Most (if not all) vendors implement the template class set with red-black trees. Red-black trees are balanced binary trees where the nodes have an extra attribute—a color that is either red or black [2,3]. In Listing 5, each node has a color and you can traverse the tree bidirectionally with the pointer's parent, left and right. A red-black tree keeps track of its root and/or header node (member variable header) as well as a node count (member variable node_count). The template class set has a private member variable that represents the tree and to which everything is delegated. Listing 6 shows the initial implementation of the user-defined commands psetlen and pset.

A straightforward implementation of pset would be to call begin() and end() on the set variable and iterate over the container's contents. However, this is not possible because the functions are inlined, thus invisible to GDB. A workaround would be to not inline these functions and use explicit template instantiations [4], as in Listing 7. But this would not only require a change of the standard headers, but every container type would need an explicit template instantiation—both unacceptable options. So setbegin, setend, and setnext are reverse-engineered using support functions setleft, setright, setparent, and setminimum.

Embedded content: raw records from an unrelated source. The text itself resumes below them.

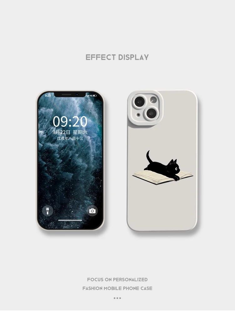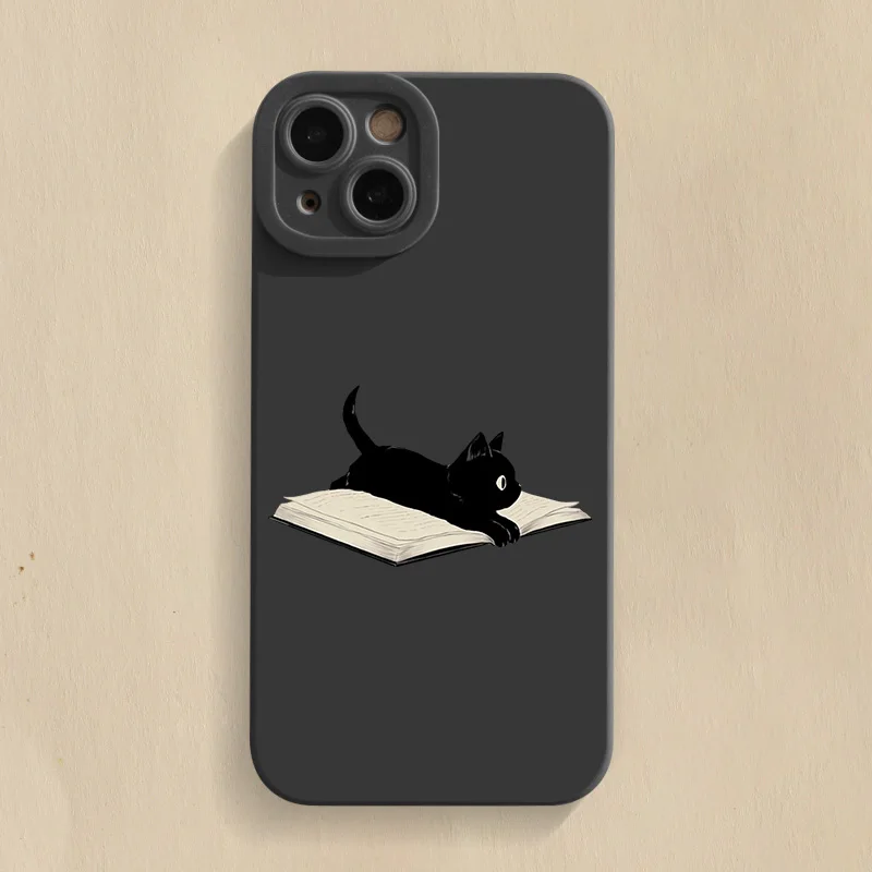 Simple Cat Pattern Phone Case For iPhone 11 12 13 14 Pro Max XS XR X 7 8 Plus SE 2020 Mini Shockproof Matte Soft Silicone Cover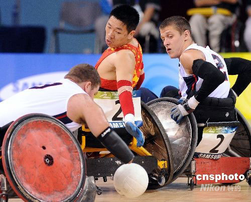 9月12日,殘奧會輪椅橄欖球比賽在北京科技大學體育館開賽,揭幕戰(zhàn)中國隊以30-65不敵世界排名第一的美國隊。剛剛組建一年的中國隊雖然戰(zhàn)敗,但始終面對微笑頑強拼搏永不言棄的球員們卻贏得了滿堂喝彩,贏得了包括美國隊在內的各方交口稱贊。中新社發(fā) CNAsports_p 攝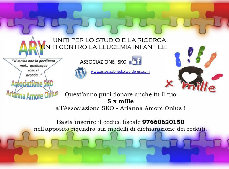 L’Associazione SKO non si arrende e porterà avanti concretamente questa lotta. Lotta alla quale da oggi è possibile partecipare. Da quest’anno è infatti possibile donare il tuo 5 x Mille all’associazione SKO Arianna Amore Onlus, farlo è semplicissimo: basta inserire il codice fiscale 97660620150 nell’apposito riquadro sui modelli di dichiarazione dei redditi, donando, così, non solo un essenziale contributo, ma, innanzitutto, un sorriso. “Uniti si Vince”. Maggiori info sul sito www.associazionesko.wordpress.com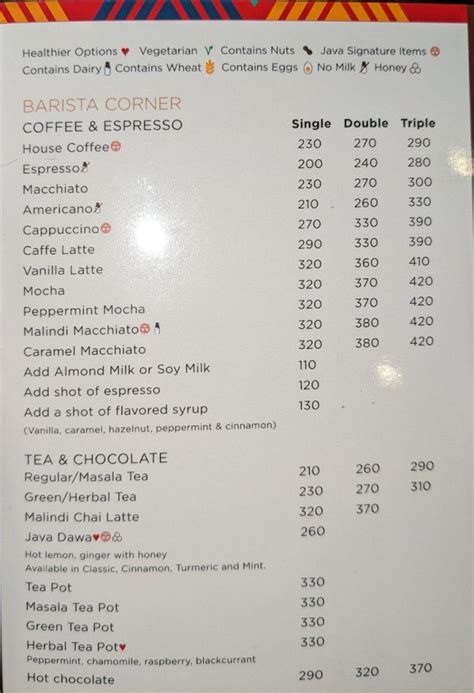 Java House Menu Classic Drinks, Pour Over Coffees & Teas Java House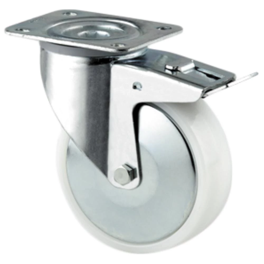 Drejeligt hjul med totalbremse. Med svær stålplade, bred gaffel og dobbelt kuglekrans, nittet. Nav og hjul i hvid polyamide. Glideleje med trådfang. Med pladebefæstigelse. Fås i flere dimensioner.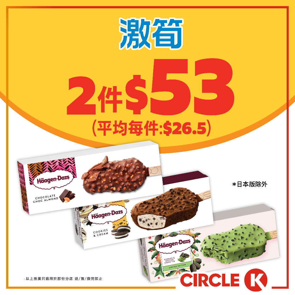 #激筍【Häagen-Dazs脆皮雪糕批 #限時優惠】.由即日起至2月8日,嚟OK便利店買指定* Häagen-Dazs 脆皮雪糕批 (各款),即享優惠價 2件只係$53!平均每件都係$26.5香脆外層加上幼滑雪糕,甜蜜滿足感爆燈!抵到唔使諗,即刻去Circle K大手掃貨啦!.- *優惠不包括日本版。- 貨品數量有限,售完即止。- 圖片只供參考。優惠受有關條款及細則約束。.#OK便利店 #CircleK #HäagenDazs #脆皮雪糕批 #限時優惠 #甜蜜滋味 #激筍價 #Jetso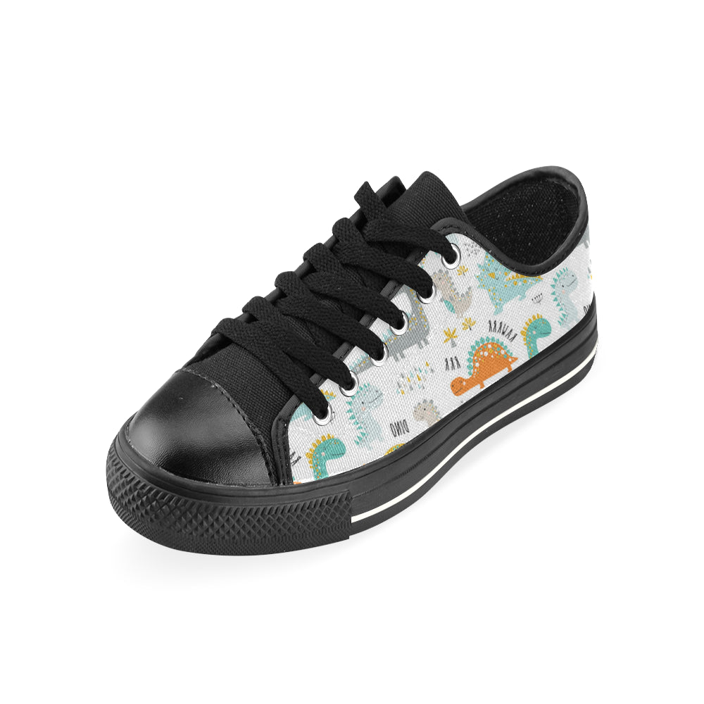 Cute funny kids dinosaurs pattern Men's Low Top Canvas Shoes Black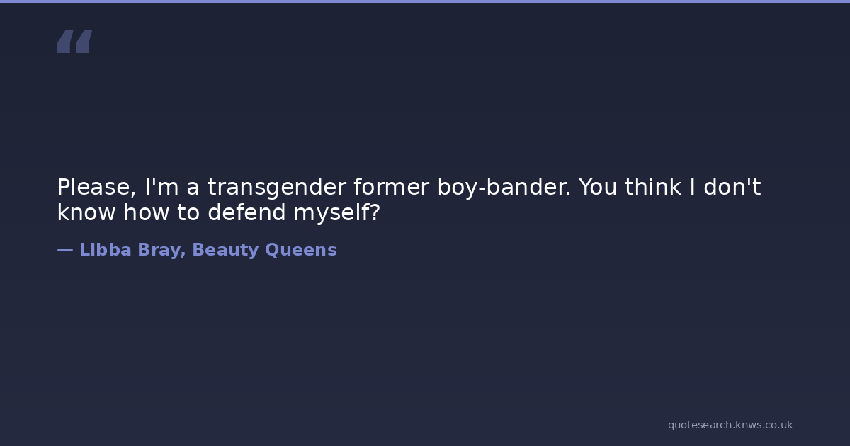 Please, I'm a transgender former boy-bander. You think I don't know how to defend myself?

Another problem with the initial implementation is the inelegant passing of the type and the corresponding typecast. I tried several approaches to get rid of the type argument. The first approach was to try some pointer arithmetic expressions to make the pointer type of $setloop the same as l_set.t.header.value_field. This approach was doomed because pointer arithmetic is only Standard compliant and thus guaranteed for pointers in the same array [5,6]. A second approach was an attempt to make use of the many typedefs in the templates, but this also turned out to be a dead-end street. An elegant solution finally emerged by using an undocumented GDB feature I ran across.

In Figure 2, what I want to do is cast a void pointer to another type that I do not know explicitly; for instance, I have an example variable of the type, but I don't know the type itself. The trick is to assign the address of the example variable to a user-defined variable $myvar. Then I assign the address of the user-defined variable to another user-defined variable $myvar2, which makes that a pointer to a pointer. Then I replace the value *$myvar2 with the void pointer I want to cast. This way, I can output the value of **$myvar2 and GDB knows about the type. A peculiar thing is that $myvar keeps its initial value. Applying the pointer type trick to the initial implementation of pset turns Listing 6 into Listing 8. Now it no longer needs to pass the type of the value.

A map and a set are the same thing. You can store a map as a set of pair<const Key, Value>. If your vendor used the same member variable names, you can just call pset mapvar; if not, you'll need some cut-and-paste to define a user-defined command pmap.

Figure 3 shows a summary of the GDB session. As you can see, the user-defined commands of GDB offer you flexibility. Spending some effort in reverse-engineering the standard containers gives you enormous benefits at debug time. You can then put your user-defined commands under source control and promote them to the organizational level for everyone's use.

References

[1] http://stlport.org or http://www.sgi.com/tech/stl.
[2] Sedgewick, Robert. Algorithms in C++, Addison-Wesley, 1992.
[3] Kruse, Robert L. and Alexander J. Ruba. Data Structures and Program Design In C++, Prentice Hall, 1999.
[4] ISO/IEC 14882, clause 14.7.2 Explicit instantiation.
[5] ISO/IEC 14882, clause 5.7 Additive operators.
[6] Stroustup, Bjarne. The C++ Programming Language, Addison-Wesley, 1997.